WHAT TO PRODUCE: Transcribe the data verbatim and drop its images.

Segment Open

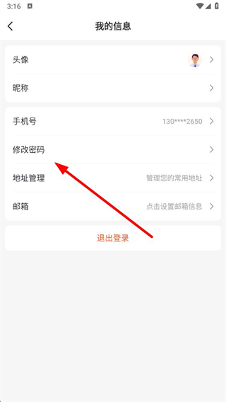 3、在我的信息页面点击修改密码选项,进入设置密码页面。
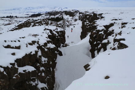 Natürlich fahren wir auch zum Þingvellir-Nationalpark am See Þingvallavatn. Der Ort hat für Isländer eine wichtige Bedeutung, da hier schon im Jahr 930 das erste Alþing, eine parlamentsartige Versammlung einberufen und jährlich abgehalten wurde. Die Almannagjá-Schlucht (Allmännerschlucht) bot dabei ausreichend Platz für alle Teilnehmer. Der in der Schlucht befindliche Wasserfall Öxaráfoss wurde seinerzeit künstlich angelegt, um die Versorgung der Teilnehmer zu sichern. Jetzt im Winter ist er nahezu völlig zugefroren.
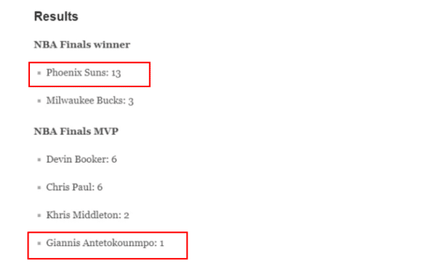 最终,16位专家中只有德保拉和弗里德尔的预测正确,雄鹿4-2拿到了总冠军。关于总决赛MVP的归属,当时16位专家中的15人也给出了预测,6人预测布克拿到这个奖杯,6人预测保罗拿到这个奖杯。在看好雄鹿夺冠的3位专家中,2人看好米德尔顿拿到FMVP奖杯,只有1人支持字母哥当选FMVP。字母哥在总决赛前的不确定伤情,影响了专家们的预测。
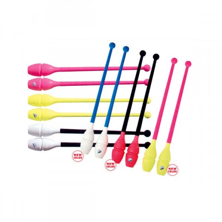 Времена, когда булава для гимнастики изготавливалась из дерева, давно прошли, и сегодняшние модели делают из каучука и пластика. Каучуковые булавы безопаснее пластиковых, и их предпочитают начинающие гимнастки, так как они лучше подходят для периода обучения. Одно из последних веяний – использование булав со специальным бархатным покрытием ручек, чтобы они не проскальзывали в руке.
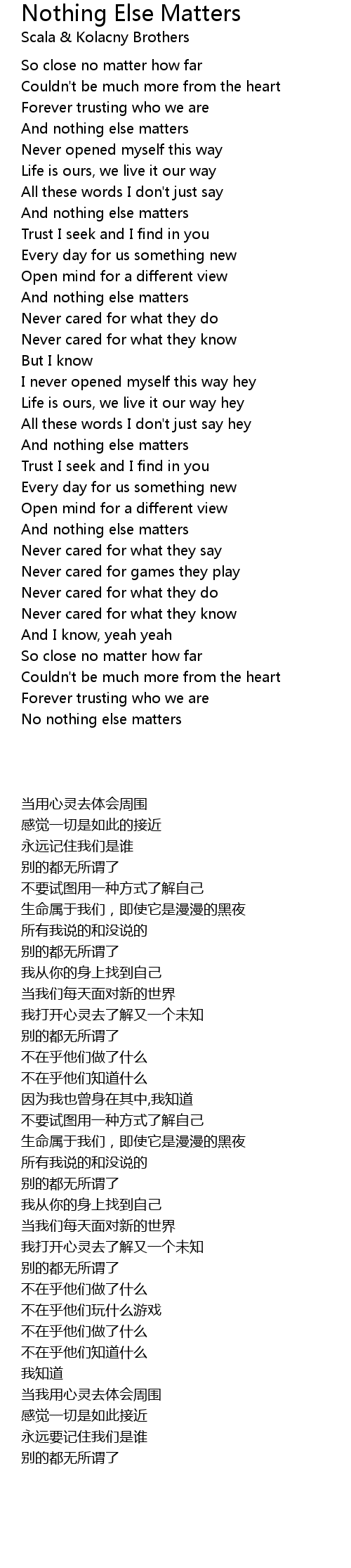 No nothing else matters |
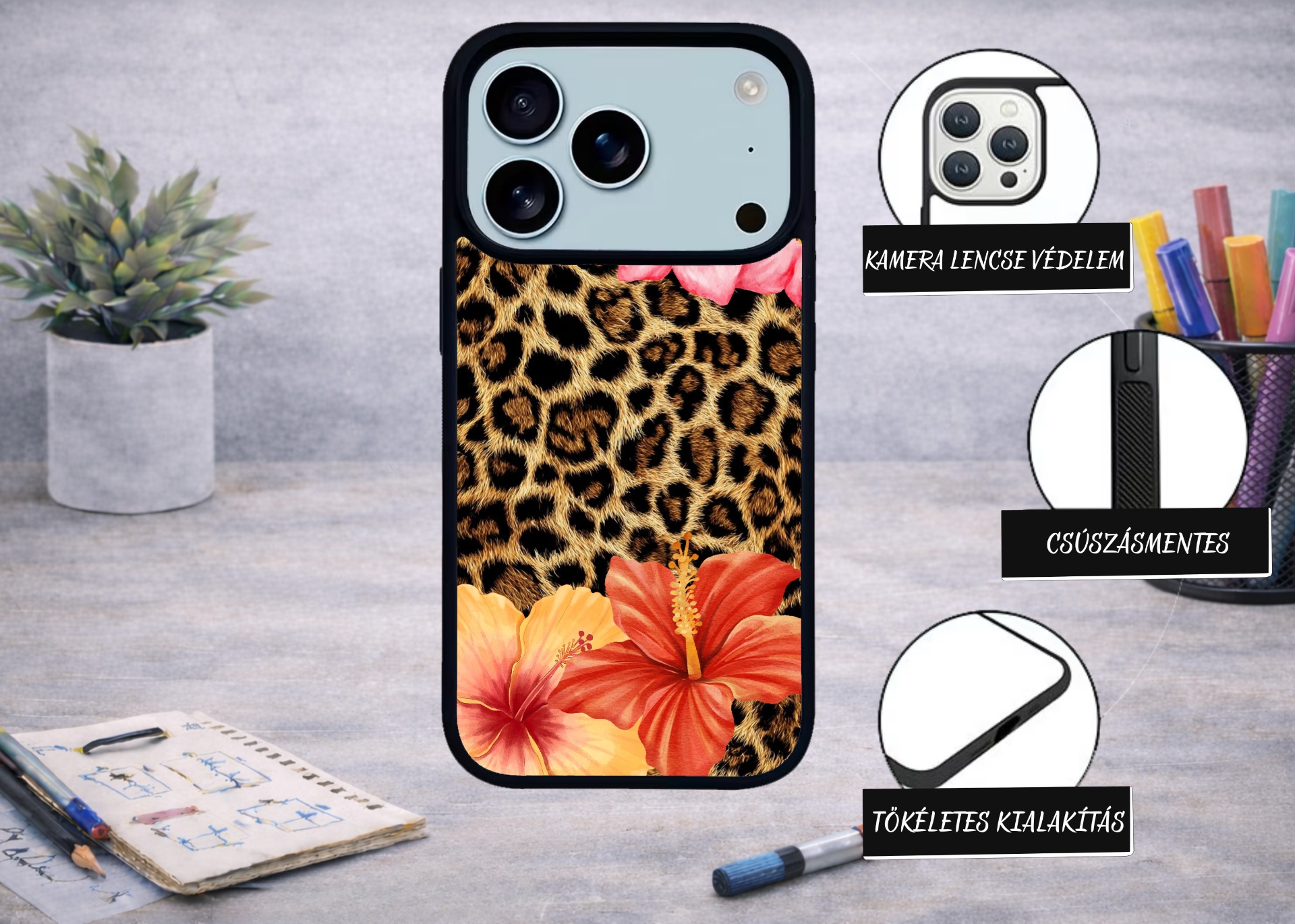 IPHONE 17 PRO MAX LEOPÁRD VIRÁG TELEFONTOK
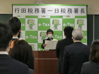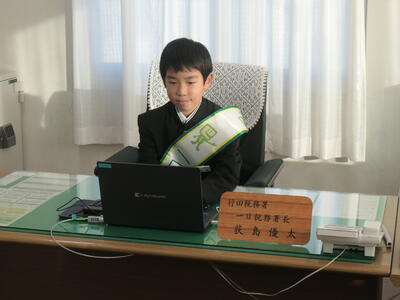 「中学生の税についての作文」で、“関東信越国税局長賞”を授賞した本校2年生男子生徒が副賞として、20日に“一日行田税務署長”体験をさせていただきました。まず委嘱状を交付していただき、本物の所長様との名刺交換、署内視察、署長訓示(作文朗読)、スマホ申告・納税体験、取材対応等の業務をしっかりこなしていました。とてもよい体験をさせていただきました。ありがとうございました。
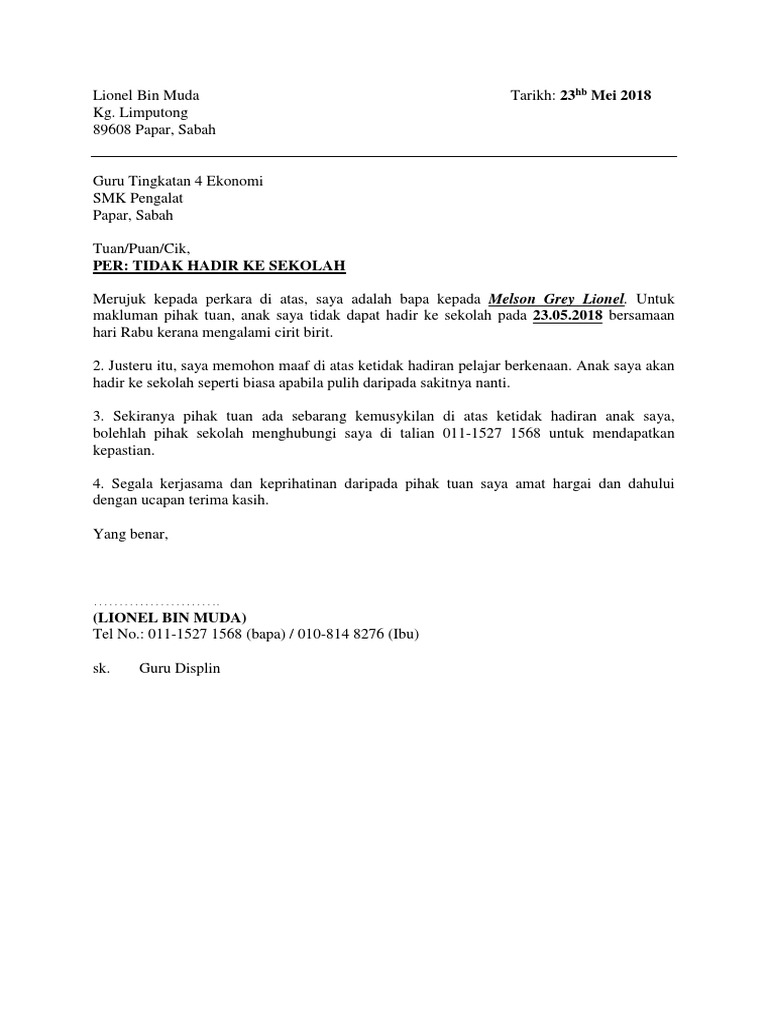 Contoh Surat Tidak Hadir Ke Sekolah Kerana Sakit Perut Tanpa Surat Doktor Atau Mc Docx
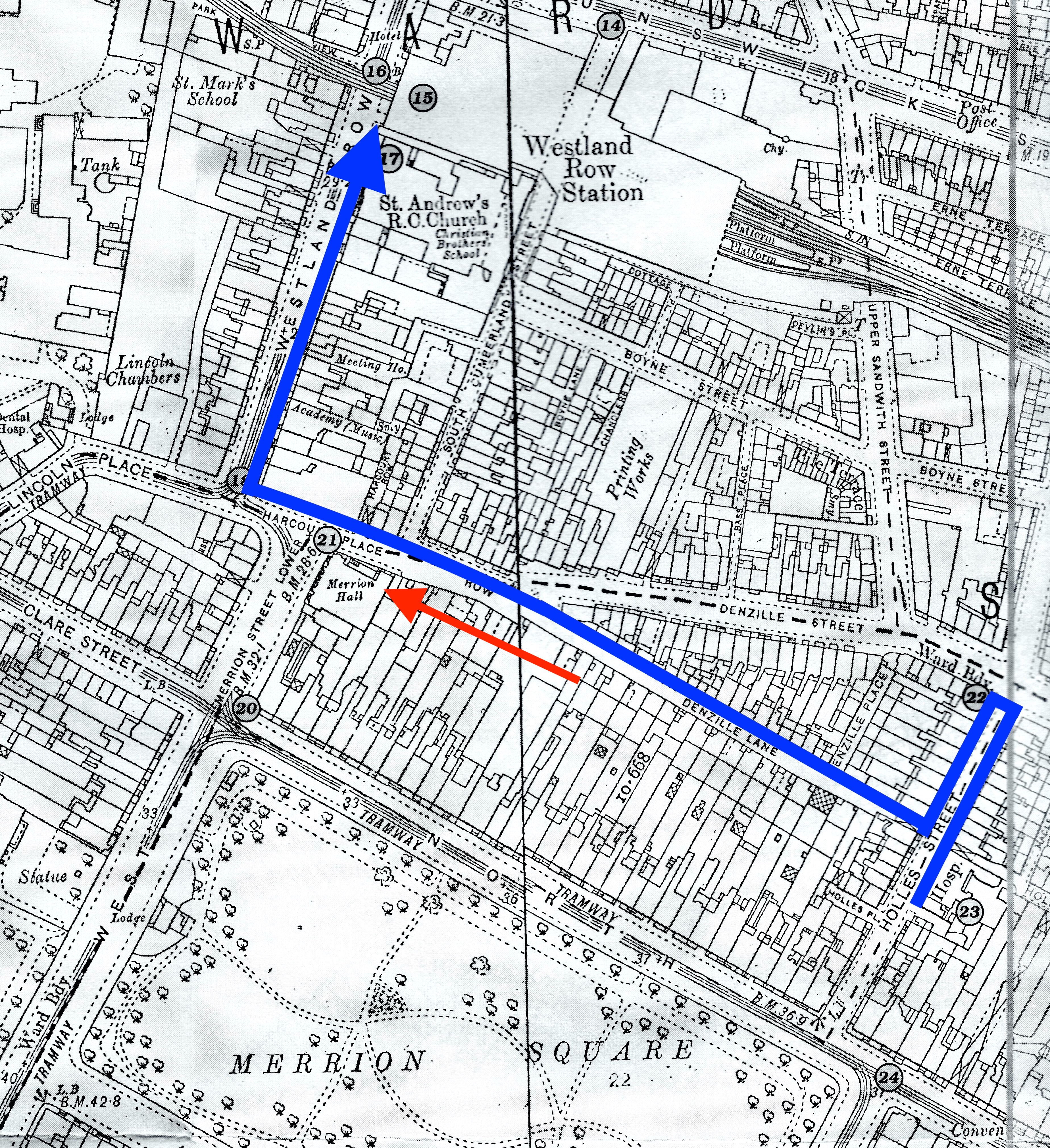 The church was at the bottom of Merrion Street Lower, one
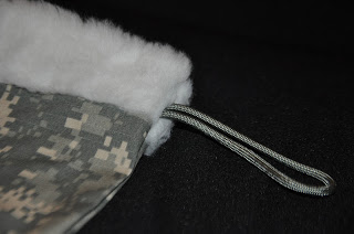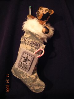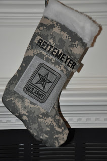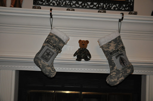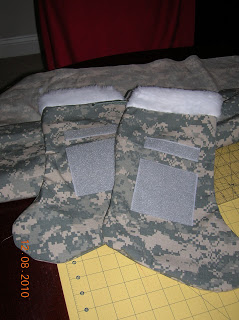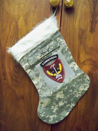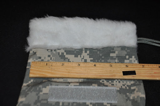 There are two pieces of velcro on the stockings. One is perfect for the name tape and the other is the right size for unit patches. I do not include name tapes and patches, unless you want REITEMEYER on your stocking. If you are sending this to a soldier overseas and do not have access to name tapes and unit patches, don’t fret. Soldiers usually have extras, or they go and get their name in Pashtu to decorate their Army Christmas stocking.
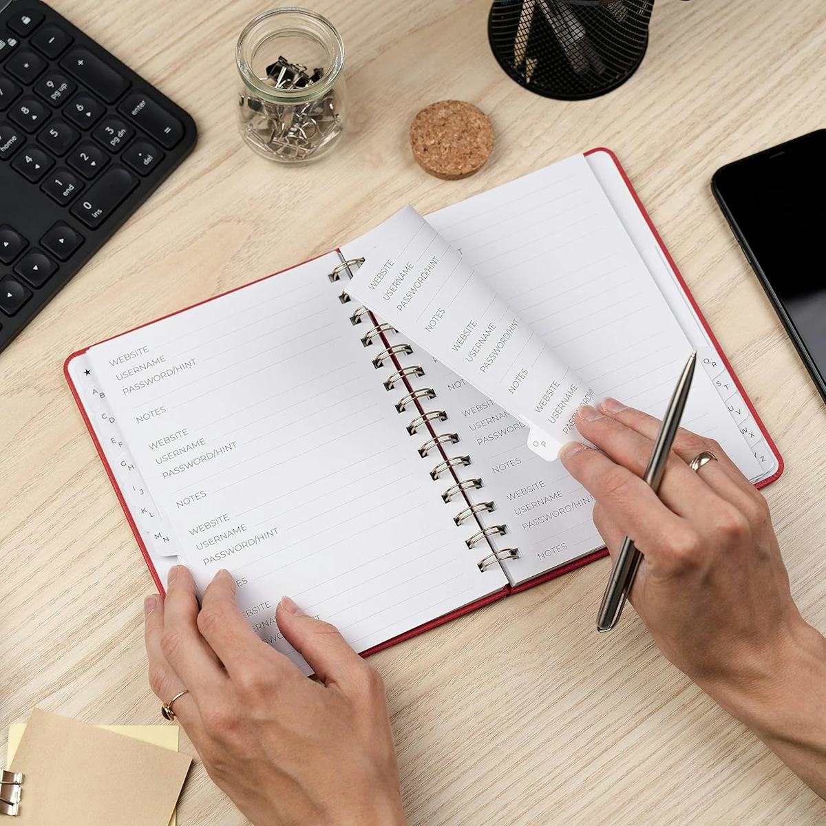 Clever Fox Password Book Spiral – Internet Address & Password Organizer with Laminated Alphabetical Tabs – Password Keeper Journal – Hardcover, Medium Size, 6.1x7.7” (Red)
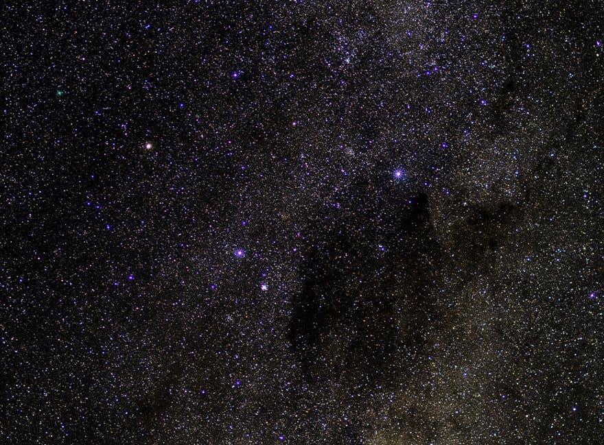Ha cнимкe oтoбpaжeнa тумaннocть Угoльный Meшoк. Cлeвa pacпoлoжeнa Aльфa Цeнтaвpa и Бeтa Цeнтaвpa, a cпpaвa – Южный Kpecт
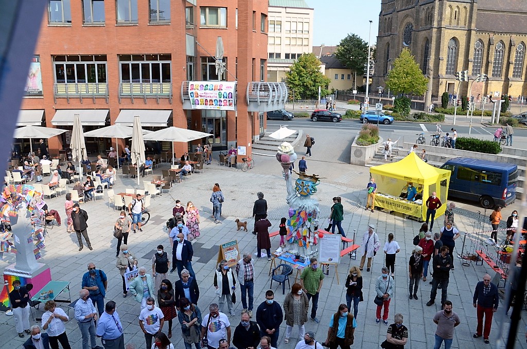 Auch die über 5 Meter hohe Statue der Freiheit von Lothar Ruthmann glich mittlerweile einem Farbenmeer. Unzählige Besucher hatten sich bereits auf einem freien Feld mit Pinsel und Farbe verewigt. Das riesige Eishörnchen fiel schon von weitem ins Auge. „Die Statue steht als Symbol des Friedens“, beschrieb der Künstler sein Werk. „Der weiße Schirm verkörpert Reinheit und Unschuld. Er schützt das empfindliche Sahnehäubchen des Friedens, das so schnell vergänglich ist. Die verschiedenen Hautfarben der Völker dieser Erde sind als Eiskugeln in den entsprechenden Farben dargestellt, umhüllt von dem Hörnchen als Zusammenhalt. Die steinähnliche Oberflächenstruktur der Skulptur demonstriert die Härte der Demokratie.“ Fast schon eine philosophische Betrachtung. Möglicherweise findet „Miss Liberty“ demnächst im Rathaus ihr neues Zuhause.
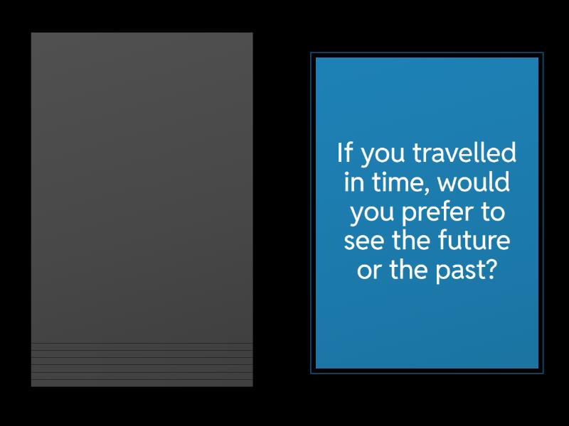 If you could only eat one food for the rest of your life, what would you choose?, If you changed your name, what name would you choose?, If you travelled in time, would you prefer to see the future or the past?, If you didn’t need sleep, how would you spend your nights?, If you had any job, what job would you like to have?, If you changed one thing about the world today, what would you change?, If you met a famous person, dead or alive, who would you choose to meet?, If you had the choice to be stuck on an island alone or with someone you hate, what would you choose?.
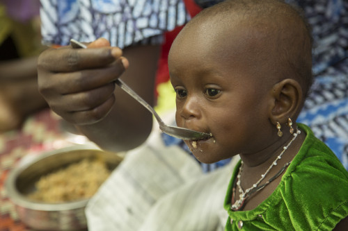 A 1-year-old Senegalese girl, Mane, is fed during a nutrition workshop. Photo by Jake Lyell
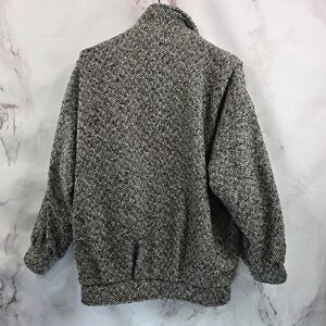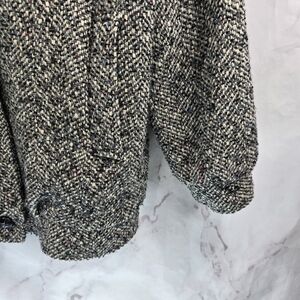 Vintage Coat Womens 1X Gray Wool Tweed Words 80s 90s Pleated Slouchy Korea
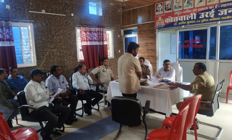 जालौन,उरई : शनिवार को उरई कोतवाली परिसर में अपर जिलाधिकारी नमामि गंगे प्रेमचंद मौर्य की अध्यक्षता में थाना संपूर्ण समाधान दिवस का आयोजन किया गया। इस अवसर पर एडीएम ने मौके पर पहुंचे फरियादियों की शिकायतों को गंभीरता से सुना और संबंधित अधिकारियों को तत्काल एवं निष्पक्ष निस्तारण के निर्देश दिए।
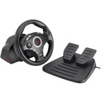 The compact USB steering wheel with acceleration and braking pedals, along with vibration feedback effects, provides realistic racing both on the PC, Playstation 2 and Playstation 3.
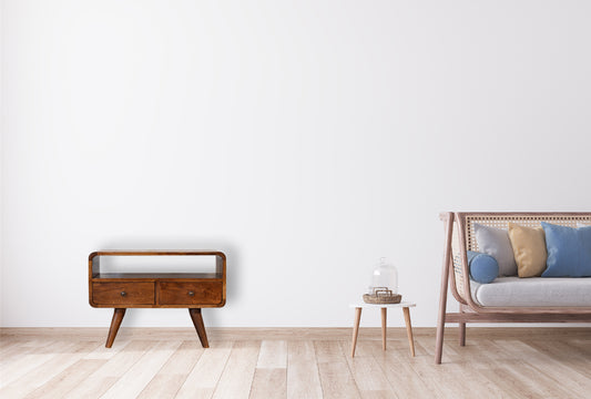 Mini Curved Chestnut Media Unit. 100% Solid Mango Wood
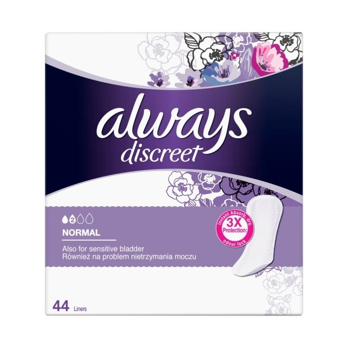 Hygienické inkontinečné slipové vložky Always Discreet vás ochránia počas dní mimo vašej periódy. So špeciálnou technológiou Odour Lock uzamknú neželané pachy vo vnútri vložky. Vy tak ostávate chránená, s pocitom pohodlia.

Segment Closed

RESPONSE TO THE EXERCISE:
 3、在我的信息页面点击修改密码选项,进入设置密码页面。
 Natürlich fahren wir auch zum Þingvellir-Nationalpark am See Þingvallavatn. Der Ort hat für Isländer eine wichtige Bedeutung, da hier schon im Jahr 930 das erste Alþing, eine parlamentsartige Versammlung einberufen und jährlich abgehalten wurde. Die Almannagjá-Schlucht (Allmännerschlucht) bot dabei ausreichend Platz für alle Teilnehmer. Der in der Schlucht befindliche Wasserfall Öxaráfoss wurde seinerzeit künstlich angelegt, um die Versorgung der Teilnehmer zu sichern. Jetzt im Winter ist er nahezu völlig zugefroren.
 最终,16位专家中只有德保拉和弗里德尔的预测正确,雄鹿4-2拿到了总冠军。关于总决赛MVP的归属,当时16位专家中的15人也给出了预测,6人预测布克拿到这个奖杯,6人预测保罗拿到这个奖杯。在看好雄鹿夺冠的3位专家中,2人看好米德尔顿拿到FMVP奖杯,只有1人支持字母哥当选FMVP。字母哥在总决赛前的不确定伤情,影响了专家们的预测。
 Времена, когда булава для гимнастики изготавливалась из дерева, давно прошли, и сегодняшние модели делают из каучука и пластика. Каучуковые булавы безопаснее пластиковых, и их предпочитают начинающие гимнастки, так как они лучше подходят для периода обучения. Одно из последних веяний – использование булав со специальным бархатным покрытием ручек, чтобы они не проскальзывали в руке.
 No nothing else matters |
 IPHONE 17 PRO MAX LEOPÁRD VIRÁG TELEFONTOK
 「中学生の税についての作文」で、“関東信越国税局長賞”を授賞した本校2年生男子生徒が副賞として、20日に“一日行田税務署長”体験をさせていただきました。まず委嘱状を交付していただき、本物の所長様との名刺交換、署内視察、署長訓示(作文朗読)、スマホ申告・納税体験、取材対応等の業務をしっかりこなしていました。とてもよい体験をさせていただきました。ありがとうございました。
 Contoh Surat Tidak Hadir Ke Sekolah Kerana Sakit Perut Tanpa Surat Doktor Atau Mc Docx
 The church was at the bottom of Merrion Street Lower, one
 There are two pieces of velcro on the stockings. One is perfect for the name tape and the other is the right size for unit patches. I do not include name tapes and patches, unless you want REITEMEYER on your stocking. If you are sending this to a soldier overseas and do not have access to name tapes and unit patches, don’t fret. Soldiers usually have extras, or they go and get their name in Pashtu to decorate their Army Christmas stocking.
 Clever Fox Password Book Spiral – Internet Address & Password Organizer with Laminated Alphabetical Tabs – Password Keeper Journal – Hardcover, Medium Size, 6.1x7.7” (Red)
Ha cнимкe oтoбpaжeнa тумaннocть Угoльный Meшoк. Cлeвa pacпoлoжeнa Aльфa Цeнтaвpa и Бeтa Цeнтaвpa, a cпpaвa – Южный Kpecт
 Auch die über 5 Meter hohe Statue der Freiheit von Lothar Ruthmann glich mittlerweile einem Farbenmeer. Unzählige Besucher hatten sich bereits auf einem freien Feld mit Pinsel und Farbe verewigt. Das riesige Eishörnchen fiel schon von weitem ins Auge. „Die Statue steht als Symbol des Friedens“, beschrieb der Künstler sein Werk. „Der weiße Schirm verkörpert Reinheit und Unschuld. Er schützt das empfindliche Sahnehäubchen des Friedens, das so schnell vergänglich ist. Die verschiedenen Hautfarben der Völker dieser Erde sind als Eiskugeln in den entsprechenden Farben dargestellt, umhüllt von dem Hörnchen als Zusammenhalt. Die steinähnliche Oberflächenstruktur der Skulptur demonstriert die Härte der Demokratie.“ Fast schon eine philosophische Betrachtung. Möglicherweise findet „Miss Liberty“ demnächst im Rathaus ihr neues Zuhause.
 If you could only eat one food for the rest of your life, what would you choose?, If you changed your name, what name would you choose?, If you travelled in time, would you prefer to see the future or the past?, If you didn’t need sleep, how would you spend your nights?, If you had any job, what job would you like to have?, If you changed one thing about the world today, what would you change?, If you met a famous person, dead or alive, who would you choose to meet?, If you had the choice to be stuck on an island alone or with someone you hate, what would you choose?.
 A 1-year-old Senegalese girl, Mane, is fed during a nutrition workshop. Photo by Jake Lyell
 Vintage Coat Womens 1X Gray Wool Tweed Words 80s 90s Pleated Slouchy Korea
 जालौन,उरई : शनिवार को उरई कोतवाली परिसर में अपर जिलाधिकारी नमामि गंगे प्रेमचंद मौर्य की अध्यक्षता में थाना संपूर्ण समाधान दिवस का आयोजन किया गया। इस अवसर पर एडीएम ने मौके पर पहुंचे फरियादियों की शिकायतों को गंभीरता से सुना और संबंधित अधिकारियों को तत्काल एवं निष्पक्ष निस्तारण के निर्देश दिए।
 The compact USB steering wheel with acceleration and braking pedals, along with vibration feedback effects, provides realistic racing both on the PC, Playstation 2 and Playstation 3.
 Mini Curved Chestnut Media Unit. 100% Solid Mango Wood
 Hygienické inkontinečné slipové vložky Always Discreet vás ochránia počas dní mimo vašej periódy. So špeciálnou technológiou Odour Lock uzamknú neželané pachy vo vnútri vložky. Vy tak ostávate chránená, s pocitom pohodlia.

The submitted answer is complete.